Kedua Korea juga sepakat untuk membahas dimulainya kembali tur Korea Selatan ke resor pegunungan Korea Utara dan reunifikasi keluarga yang terpisah, kata para pejabat.
Kecil kemungkinannya bahwa perundingan yang dibatasi secara sempit ini akan mengatasi masalah penting dalam menekan Pyongyang agar menyerahkan senjata nuklirnya. Korea Utara telah mengatakan bahwa mereka tidak akan pernah menyerah, meskipun Amerika Serikat dan negara-negara lain mengatakan mereka harus menyerah jika ingin membangun kembali hubungannya dengan negara-negara lain di dunia.
Meskipun masih skeptis terhadap niat Korea Utara, AS menyambut baik upaya Korea Selatan untuk mengurangi ketegangan dengan Korea Utara. Namun Departemen Luar Negeri menekankan bahwa Pyongyang harus mengambil langkah konkrit menuju denuklirisasi jika ingin menjalin hubungan dengan Washington.
“Kami telah lama menegaskan bahwa kami terbuka terhadap peningkatan hubungan dengan Korea Utara jika negara tersebut bersedia mengambil tindakan jelas untuk memenuhi kewajiban dan komitmen internasionalnya,” kata juru bicara Jen Psaki kepada wartawan, Senin.
Masih belum jelas siapa yang akan mewakili masing-masing pihak dalam pembicaraan antar-Korea pada hari Rabu. Seoul mengatakan pihaknya akan mengirimkan pejabat tingkat senior yang bertanggung jawab atas isu-isu terkait Korea Utara, sementara Pyongyang mengatakan akan mengirimkan pejabat tingkat senior pemerintah, tanpa menjelaskan lebih lanjut. KTT tingkat menteri antar Korea belum pernah diadakan sejak tahun 2007.
Dialog di tingkat mana pun merupakan tanda positif dalam sejarah kedua negara, yang ditandai dengan uji coba nuklir dan peluncuran rudal jarak jauh Korea Utara. Gencatan senjata yang mengakhiri Perang Korea selama tiga tahun yang ditandatangani 60 tahun lalu pada bulan depan belum digantikan dengan perjanjian damai, sehingga secara teknis Semenanjung Korea berada dalam keadaan perang.
Para analis mewaspadai niat Korea Utara, dan beberapa pihak melihat minat dalam dialog sebagai bagian dari pola di mana Pyongyang mengikuti retorika agresif dan provokasi dengan upaya diplomatik untuk menukarkan ketegangan dengan konsesi dari luar.
Setelah sanksi PBB diperketat menyusul uji coba nuklir ketiga Korea Utara pada bulan Februari, Pyongyang, yang diyakini memiliki sejumlah perangkat nuklir mentah, mengancam akan melakukan perang nuklir dan serangan rudal terhadap Seoul dan Washington, menarik para pekerjanya dari kawasan pabrik bersama di Korea Utara.
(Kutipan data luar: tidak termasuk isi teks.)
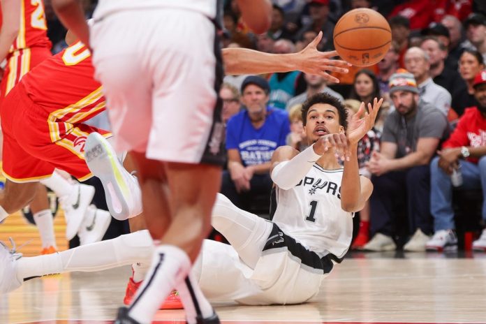 Atlanta’s Trae Young sank a floater with 8.5 seconds remaining to tie the game, but Onyeka Okongwu fouled Wembanyama on the next possession.
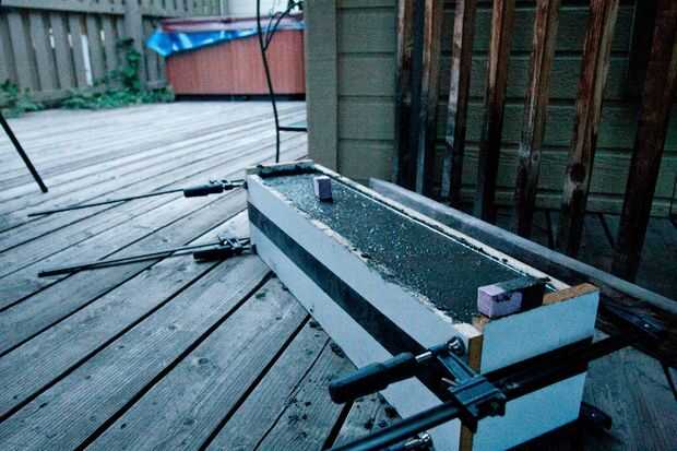 Después de llenar el formulario a la parte superior (si has hecho tus matemáticas derecho, su jardinera tendrá una buena base gruesa de 1"- 1.5"), luego use sus lijadora de mano/martillo/puños que vibre o golpee ligeramente las paredes de la forma. Usted comenzará a ver las burbujas de aire levantan a la superficie y el pop. Continúe haciendo esto hasta que las burbujas dejen de levantamiento a la superficie. Esto reducirá al mínimo el número de huecos y agujeros en la superficie de la maceta que se ha endurecido el hormigón.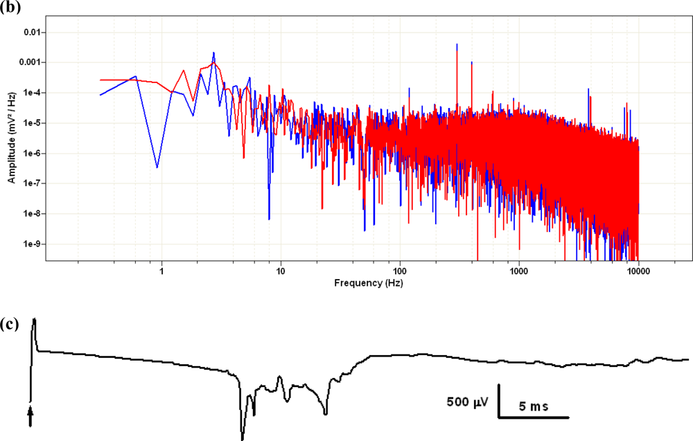 The electrical behavior of the MEA device during recordings was adequate. The noise level of the unfiltered signal sampled at 10 kHz did not exceed 100 μV peak-to-peak and could be further reduced by appropriate hardware or software filtering. In Figure 10 we represented two brief (100 ms) intervals of recording taken with or without the preparation in place, and the corresponding power spectra of longer (10 s) stretches of the same recordings obtained via Fourier transform in Clampfit10, after applying a 50-Hz electrical interference removal soft filtering. When stimuli were applied between pairs of electrodes in the absence of the biological preparation we could record passive artifacts containing both conduction signals and capacitive artifacts.

Kota Kaesong di perbatasan Korea dan berjanji akan meningkatkan produksi bahan bakar bom nuklir. Seoul menarik personel terakhirnya dari Kaesong pada bulan Mei.
Chang Yong-seok, peneliti senior di Institut Studi Perdamaian dan Unifikasi Universitas Nasional Seoul, mengatakan dia optimis bahwa kedua Korea dapat melanjutkan pekerjaan di Kaesong dan reuni untuk keluarga yang terpisah. Namun dia mengatakan bahwa terobosan cepat tidak mungkin terjadi karena sikap Korea Utara untuk mempererat hubungan tidak sesuai dengan permintaan maaf Korea Selatan.